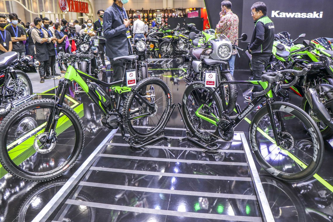 และธุรกิจใหม่ “รถจักรยาน” ภายใต้แบรนด์คาวาซากิ ซึ่งได้เปิดตัวอย่างเป็นทางการพร้อมเปิดให้จองภายในงานทั้ง 2 รุ่น ได้แก่ รถจักรยานเสือภูเขาไฟฟ้า Kawasaki E-MTB ราคา 218,000บาท และ รถจักรยานทางเรียบ Kawasaki Road Bike ราคา 349,000 บาท
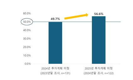 내년 투자계획을 수립한 기업(39곳) 중에서는 투자 규모를 올해보다 축소하는 경우(28.2%)가 확대하는 경우(12.8%)보다 많았다. 올해와 비슷한 수준이라고 답한 비율은 59.0%였다.
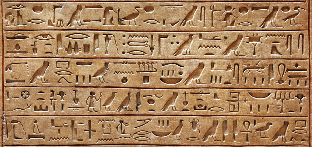 Old Egyptian hieroglyphs on an ancient background. Wide historical and culture background. Ancient Egyptian hieroglyphs as a symbol of the history of the Earth.
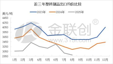 As of August 2025, the average export price of plastic products is lower than that of the same period in 2024. Moreover, the price trends over the past three years have been largely consistent, with prices rising from January to March, followed by a continuous decline from March to August.
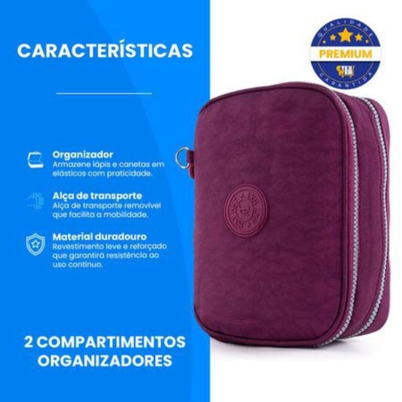 Kit Estojo Escolar Lápis Nylon Ziper Resistente Escolar Com Organizador De Lápis Mais Canetinhas Coloridas Marca TextoKit Estojo Escolar Grande com Mini Marca Texto – Organização e Diversão para Seus EstudosTransforme sua experiência escolar ou com o Kit Estojo Escolar Grande com Mini Marca Texto Berinjela. Ideal para manter seus materiais organizados e destacar suas anotações com estilo, este conjunto combina funcionalidade, durabilidade e um toque de criatividade.O estojo Box Jumbo acomoda até 20 canetas ou acessórios diversos, garantindo praticidade e segurança com compartimentos de elástico e fechamento em velcro. Os 6 mini marca-textos em formato de berinjela adicionam diversão ao destacar textos, tornando o estudo mais prazeroso.Benefícios:Organização Completa: Estojo com 20 compartimentos elásticos para manter seus materiais no lugar.Estilo Personalizado: Disponível em cores vibrantes para combinar com sua personalidade.Durabilidade Garantida: Fabricado em poliéster de alta qualidade, perfeito para uso diário.Estudo Diido: Mini marca-textos coloridos e temáticos para destacar suas ideias.Características:Estojo Escolar:Material: Poliéster resistente.Fechamento: Velcro.Compartimentos: 20 elásticos organizadores.Dimensões: 22 cm (C) x 6 cm (L) x 17 cm (A).Cores: Rosa claro, pink, preto, azul, verde e azul marinho.Mini Marca-Texto:Formato: Berinjela diida.Cores: Amarelo, azul, verde, laranja, rosa e roxo.Material: Plástico.Certificação: INMETRO 003076/2023.Conteúdo da Embalagem:1 Estojo Escolar Grande Box Jumbo com divisórias.6 Mini Marca-Textos (cores vibrantes).Por que escolher este kit?Este é o conjunto perfeito para quem busca unir organização e criatividade. Seja para estudantes ou profissionais, ele oferece praticidade e uma experiência única que transforma a rotina diária.Pronto para tornar seus estudos mais organizados e diidos? Adquira já!
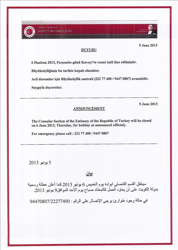 6 Haziran 2013, Perşembe günü Kuveyt'te resmi tatil ilan edilmiştir. Büyükelçiliğimiz bu tarihte kapalı olacaktır. Acil durumlar için Büyükelçilik santrali (222 77 400 / 944 70807)aranabilir. Saygıyla duyurulur.
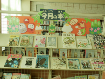 午年やだるま市をを思い浮かべられる掲示と季節に合わせた本が展示されています。

******

Omit the pictures, then give all the lines above again exactly.

*Answer to the problem:*
 และธุรกิจใหม่ “รถจักรยาน” ภายใต้แบรนด์คาวาซากิ ซึ่งได้เปิดตัวอย่างเป็นทางการพร้อมเปิดให้จองภายในงานทั้ง 2 รุ่น ได้แก่ รถจักรยานเสือภูเขาไฟฟ้า Kawasaki E-MTB ราคา 218,000บาท และ รถจักรยานทางเรียบ Kawasaki Road Bike ราคา 349,000 บาท
 내년 투자계획을 수립한 기업(39곳) 중에서는 투자 규모를 올해보다 축소하는 경우(28.2%)가 확대하는 경우(12.8%)보다 많았다. 올해와 비슷한 수준이라고 답한 비율은 59.0%였다.
 Old Egyptian hieroglyphs on an ancient background. Wide historical and culture background. Ancient Egyptian hieroglyphs as a symbol of the history of the Earth.
 As of August 2025, the average export price of plastic products is lower than that of the same period in 2024. Moreover, the price trends over the past three years have been largely consistent, with prices rising from January to March, followed by a continuous decline from March to August.
 Kit Estojo Escolar Lápis Nylon Ziper Resistente Escolar Com Organizador De Lápis Mais Canetinhas Coloridas Marca TextoKit Estojo Escolar Grande com Mini Marca Texto – Organização e Diversão para Seus EstudosTransforme sua experiência escolar ou com o Kit Estojo Escolar Grande com Mini Marca Texto Berinjela. Ideal para manter seus materiais organizados e destacar suas anotações com estilo, este conjunto combina funcionalidade, durabilidade e um toque de criatividade.O estojo Box Jumbo acomoda até 20 canetas ou acessórios diversos, garantindo praticidade e segurança com compartimentos de elástico e fechamento em velcro. Os 6 mini marca-textos em formato de berinjela adicionam diversão ao destacar textos, tornando o estudo mais prazeroso.Benefícios:Organização Completa: Estojo com 20 compartimentos elásticos para manter seus materiais no lugar.Estilo Personalizado: Disponível em cores vibrantes para combinar com sua personalidade.Durabilidade Garantida: Fabricado em poliéster de alta qualidade, perfeito para uso diário.Estudo Diido: Mini marca-textos coloridos e temáticos para destacar suas ideias.Características:Estojo Escolar:Material: Poliéster resistente.Fechamento: Velcro.Compartimentos: 20 elásticos organizadores.Dimensões: 22 cm (C) x 6 cm (L) x 17 cm (A).Cores: Rosa claro, pink, preto, azul, verde e azul marinho.Mini Marca-Texto:Formato: Berinjela diida.Cores: Amarelo, azul, verde, laranja, rosa e roxo.Material: Plástico.Certificação: INMETRO 003076/2023.Conteúdo da Embalagem:1 Estojo Escolar Grande Box Jumbo com divisórias.6 Mini Marca-Textos (cores vibrantes).Por que escolher este kit?Este é o conjunto perfeito para quem busca unir organização e criatividade. Seja para estudantes ou profissionais, ele oferece praticidade e uma experiência única que transforma a rotina diária.Pronto para tornar seus estudos mais organizados e diidos? Adquira já!
 6 Haziran 2013, Perşembe günü Kuveyt'te resmi tatil ilan edilmiştir. Büyükelçiliğimiz bu tarihte kapalı olacaktır. Acil durumlar için Büyükelçilik santrali (222 77 400 / 944 70807)aranabilir. Saygıyla duyurulur.
 午年やだるま市をを思い浮かべられる掲示と季節に合わせた本が展示されています。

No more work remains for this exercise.